Das neue Mainboard ist da und läuft deutlich stabiler. ESXi ist installiert und ich fange an die virtuellen Maschinen einzurichten. Den SAS Controller an FreeNAS durchzureichen war kein Problem. Das neue Webinterface ist an manchen Stellen etwas merkwürdig, aber ich will mich nicht beschweren.

Etwas genervt haben die Lüfter, die laufen nur mit 300rpm und das Mainboard dachte die seien wohl kaputt und hat dann immer wieder auf 1500rpm hochgeregelt. Das lag daran, dass der minimal Wert im IPMI per Default zu niedrig gesetzt ist. Im Webinterface kann man die Werte nicht setzen, aber dafür gibt es ipmiutil, das auch in Homebrew unter MacOS oder jeder guten Linux Distribution enthalten ist. Alternativ kann man auch ipmitool nehmen.
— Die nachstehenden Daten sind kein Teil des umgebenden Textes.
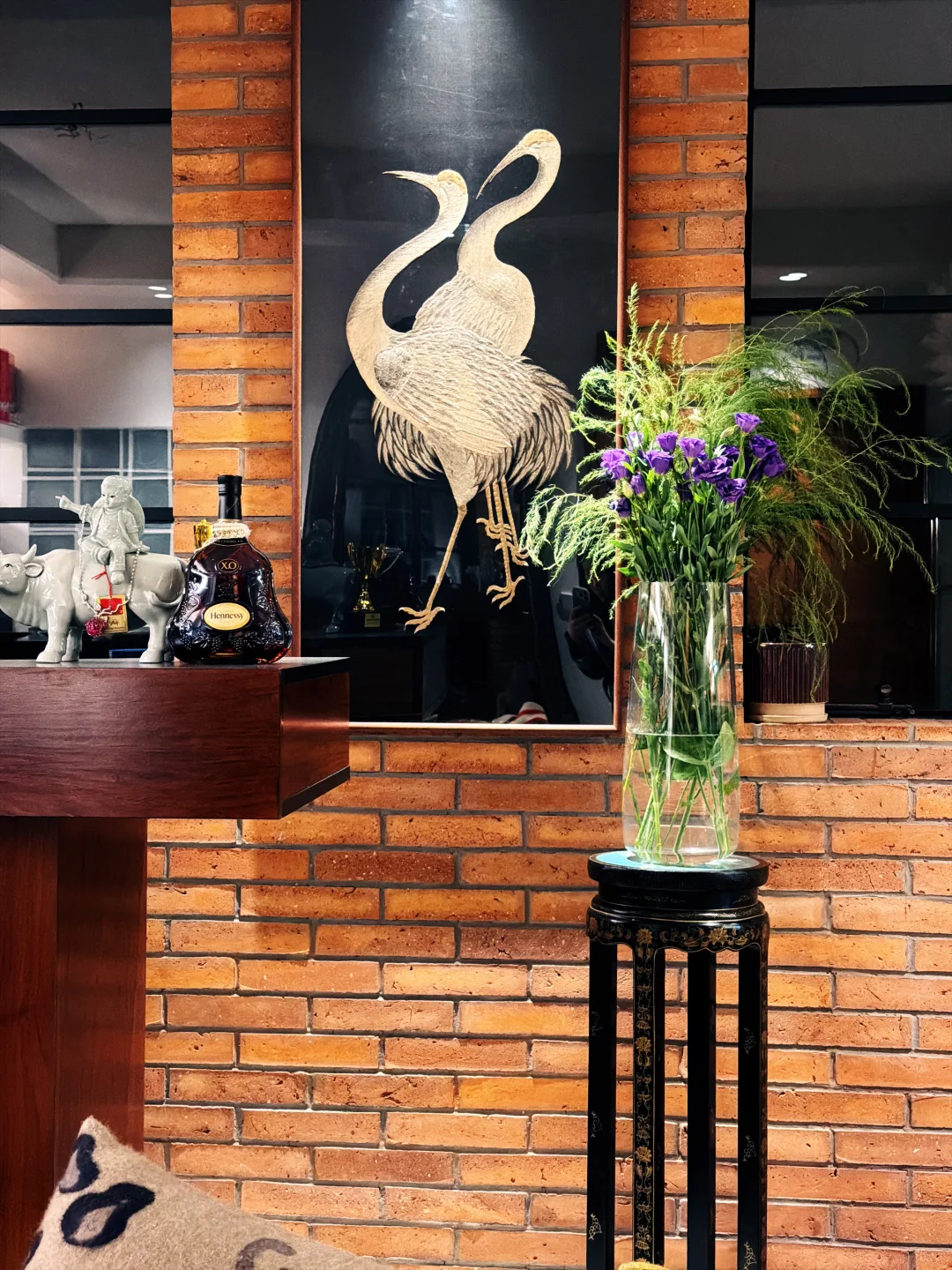 插了紫色的花,忘记叫什么了。 好喜欢,一瞬间有恋爱的感觉。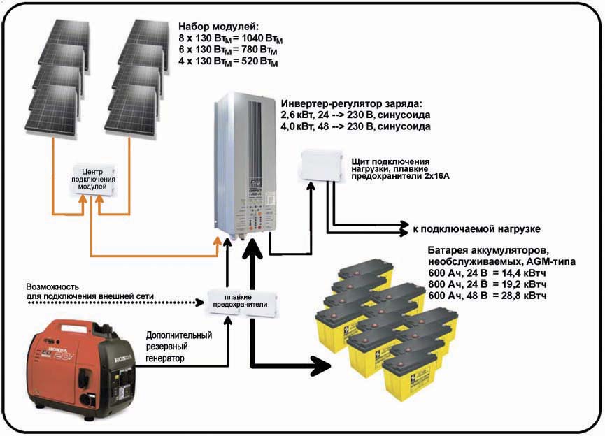 - efficacité de l'onduleur. Avec une bonne adaptation de la tension et de la puissance à l'entrée de l'onduleur, une valeur maximale de 0,92 à 0,96 sera atteinte.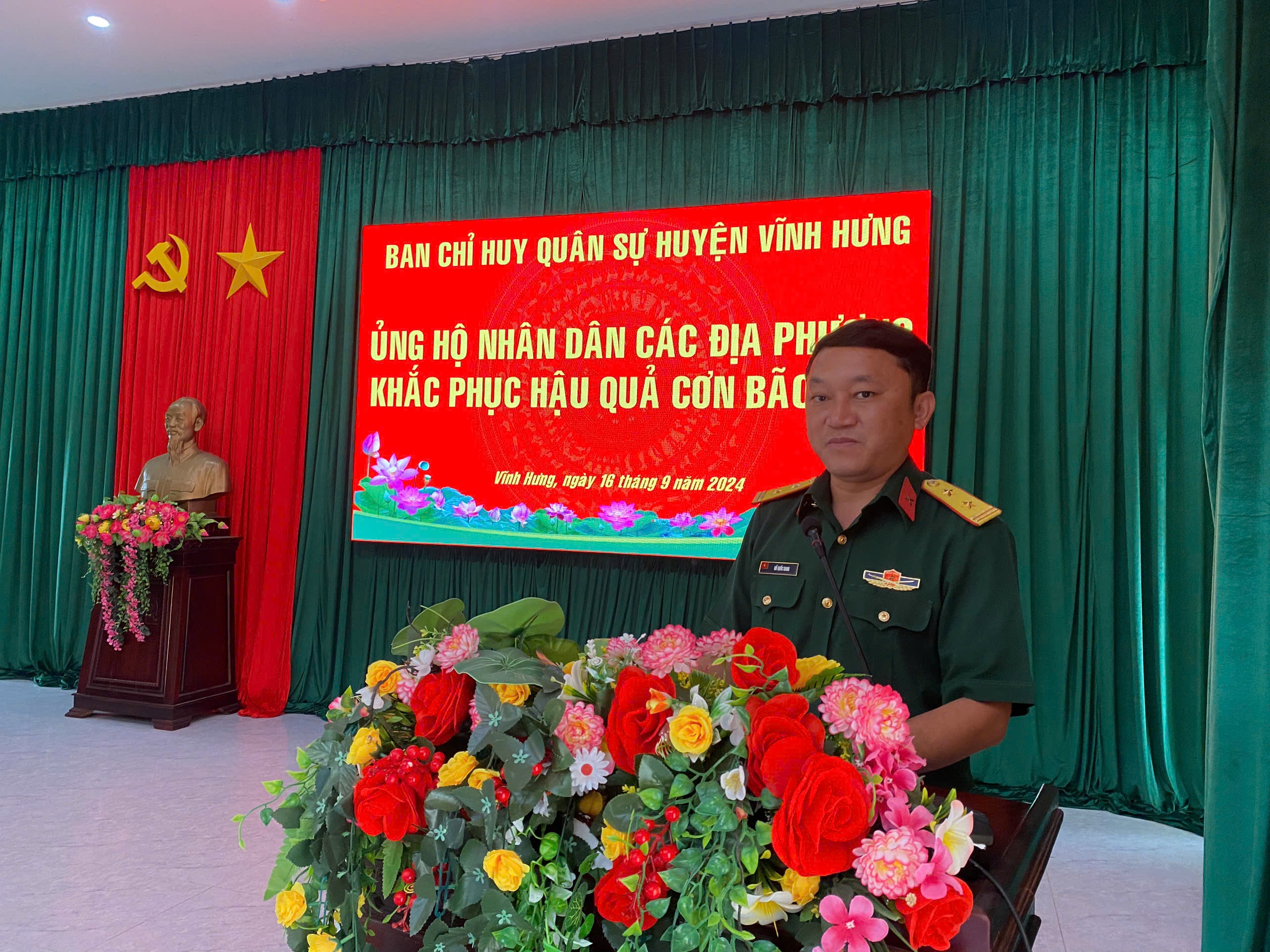 Trung tá Hồ Quốc Danh, Chính trị viên Ban CHQS huyện Vĩnh Hưng phát động ủng hộ.

So liest man die Lüfter aus:

ipmiutil sensor -N 192.168.0.159 -U ADMIN -P ADMIN -c -g fan
ipmiutil ver 2.95
isensor: version 2.95
Connecting to node 192.168.0.159 192.168.0.159
-- BMC version 3.50, IPMI version 2.0
 ID  | SDRType | Type            |SNum| Name             |Status| Reading
03f1 | Full    | Fan             | 41 | FAN1             | OK   | 300.00 RPM
0434 | Full    | Fan             | 42 | FAN2             | Absent | 0.00 na
0477 | Full    | Fan             | 43 | FAN3             | OK   | 300.00 RPM
04ba | Full    | Fan             | 44 | FAN4             | OK   | 300.00 RPM
04fd | Full    | Fan             | 45 | FAN5             | OK   | 300.00 RPM
0540 | Full    | Fan             | 47 | FANA             | Absent | 0.00 na
ipmiutil sensor, completed successfully

Und so setzt man die neuen Werte:

ipmiutil sensor -N 192.168.0.159 -U ADMIN -P ADMIN -n 47 -u 250:250:250:25400:25400:25500

Die 47 ist die SNum des Lüfters. Das macht man für alle und dann ist Ruhe. Evtl. muss man noch einmal den IPMI Controller resetten.